High canopy photosynthesis before anthesis explains the outstanding yield performance of rice cultivars with ideal plant architecture

The majority of investigations on mechanisms underlying yield difference between superior and conventional cultivars has focused on the grain-filling stage after anthesis. However, the physiological process before anthesis has been less explored. We aimed to quantify the contribution of canopy photosynthesis at pre-anthesis stage to grain yield formation and clarify the mechanism underlying the yield advantage of the superior cultivars. This study selected representative cultivars of indica and japonica rice, each type having a pair of cultivars with ideal plant architecture (IPA) and conventional architecture. Field experiments over four years (2019–2022) were conducted to compare the relevance of canopy photosynthesis to yield formation between the phases before and after anthesis.
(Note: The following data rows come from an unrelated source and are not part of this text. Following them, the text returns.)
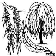
weeping willow Salix babylonica

wee (wē) adj. we•er, we•est. 1. Very small; tiny. See Syns at small. 2. Very early: the wee hours of the morning. — n. Scots. A short time; a little bit. [ME wēi, we , a small amount, small < OE wēge, wēg , weight. See wegh•* .]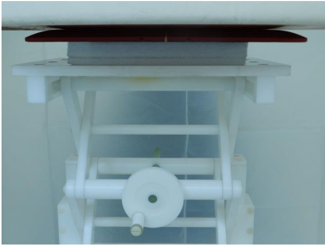
Bottom Face, Test Separation 0 cm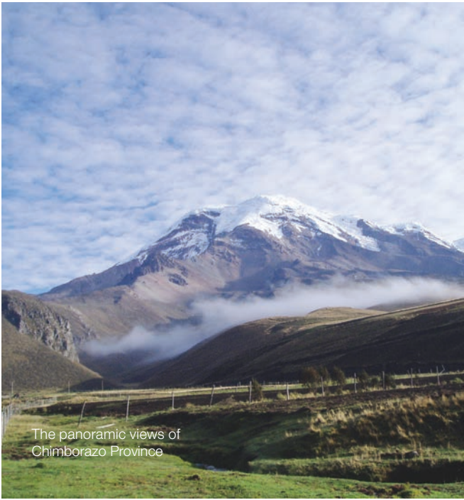
The panoramic views of Chimborazo Province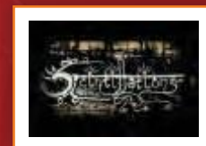
Scintillations The Fashion Club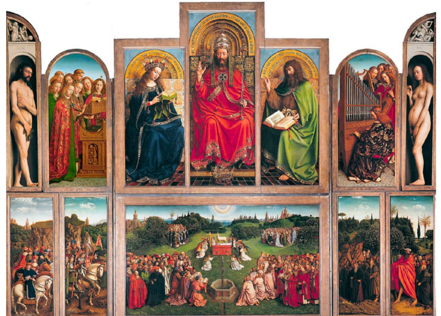
Van Eyck The Adoration of the Mystic Lamb (Ghent Altarpiece) , c1432 Saint Bavo's Cathedral, Ghent, Belgium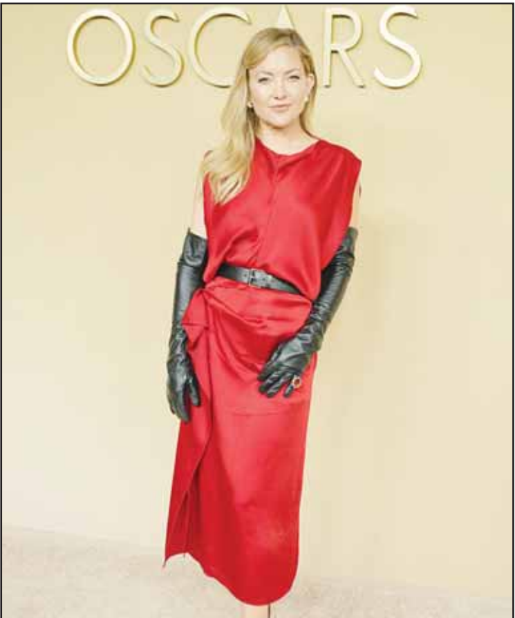
Kate Hudson arrives at the 98th Academy Awards Oscar nominees luncheon on Tuesday, Feb. 10, at the Beverly Hilton Hotel in Beverly Hills, Calif.

The two IPA cultivars, JYZK-6 and ZZY-1, produced higher grain yield than the two conventional cultivars, NJ-5055 and HHZ. JYZK-6 and ZZY-1 also had good distribution of light interception inside the canopy, with the middle and lower part receiving more light than NJ-5055 and HHZ. At leaf level, there was no significant difference in photosynthetic rate between the two types of cultivars. At canopy level, the IPA cultivars had stronger photosynthetic activities before anthesis, outperforming NJ-5055 by 35.56% in averaged canopy photosynthesis, and by 46.65% in averaged daily net photosynthetic accumulation in 2021–2022. By contrast, canopy photosynthesis after anthesis was not significantly different between the two types. The IPA cultivars stored heavier biomass in internodes and sheaths before anthesis and remobilized more reserves to the developing grains, with the remobilization rate being 16.42% (internodes) and 35.34% (sheaths) higher than NJ-5055 and HHZ. The higher canopy productivity before anthesis is one of the main reasons accounting for the superior IPA cultivars, suggesting the necessity of optimizing plant growth and development during the vegetative and reproductive phases.